Marked heterogeneity was present (I2 = 98.1%, τ² = 0.56, P < 0.01). Most studies reported reduced serum Klotho levels in cases, including Zeng (2025) (Hedges'g = -1.30, 95% CI: -1.51 to -1.10), Franklin (2019) (Hedges'g = -1.15, 95% CI: -1.43 to -0.87), Miranda (2014) (Hedges'g = -1.10, 95% CI: -1.38 to -0.83), Fan (2016) (Hedges'g = -1.06, 95% CI: -1.35 to -0.78), and Sabren (2024) (Hedges'g = -0.39, 95% CI: -0.61 to -0.16). However, Loichinger (2016) reported an opposite effect direction, showing higher serum Klotho levels in the complication group than in controls (Hedges'g = 0.67, 95% CI: 0.48 to 0.86).
Meta-analysis of serum Klotho levels in relation to fetal outcomes
Four studies were included in the meta-analysis of serum Klotho levels in relation to adverse fetal outcomes: Franklin (2019), Miranda (2014), Zeng (2025), and Fan (2016)(Figure 6). The pooled random-effects model showed that serum Klotho levels were significantly lower in pregnancies with adverse fetal outcomes than in controls (Hedges'g = -1.13, 95% CI: -1.29 to -0.97).

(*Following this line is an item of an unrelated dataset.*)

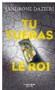
Une conclusion magistrale.

Voilà quinze mois que Dante Torre, l'Homme du Silo, a été enlevé. Quinze mois que Colomba Caselli vit retirée

Figure 6. Forest plot of serum Klotho levels in relation to adverse fetal outcomes. Serum Klotho levels were significantly lower in pregnancies with adverse fetal outcomes than in controls (Hedges'g =-1.13, 95% CI: -1.29 to -0.97), with no heterogeneity across studies (I2 = 0.0%). The association was consistent in all included studies.
No heterogeneity was detected across studies (I2 = 0.0%, τ² = 0, P = 0.64), indicating excellent consistency. All four studies demonstrated concordant results, with lower serum Klotho levels in the adverse outcome groups. The individual effect sizes were -1.23 (95% CI: -1.54 to -0.92) for Franklin (2019), -1.17 (95% CI: -1.44 to -0.90) for Miranda (2014), -1.14 (95% CI: -1.35 to -0.92) for Zeng (2025), and -0.96 (95% CI: -1.26 to -0.67) for Fan (2016).
Sensitivity analysis
Leave-one-out sensitivity analyses were performed for all pooled outcomes, and the results are summarized in
For serum Klotho and PE, the pooled effect remained negative after sequential omission of each study, ranging from -0.45 to -0.87. However, statistical significance was achieved only when Loichinger (2016) was excluded (Hedges'g = -0.87, 95% CI:-1.58 to -0.15, P = 0.031), while heterogeneity remained high (I2 = 90.4%). Exclusion of any other study did not materially change the non-significant overall result, with I2 values remaining above 96%. These findings indicate that the PE analysis was sensitive to the inclusion of Loichinger (2016).
For serum Klotho and IUGR/SGA/FGR, the pooled association remained consistently significant regardless of which study was omitted, with pooled effect sizes ranging from -0.99 to -1.15 and P-values < 0.001. Although the degree of heterogeneity varied from 42.0% to 75.1%, the direction and statistical significance of the association remained unchanged, indicating robust findings.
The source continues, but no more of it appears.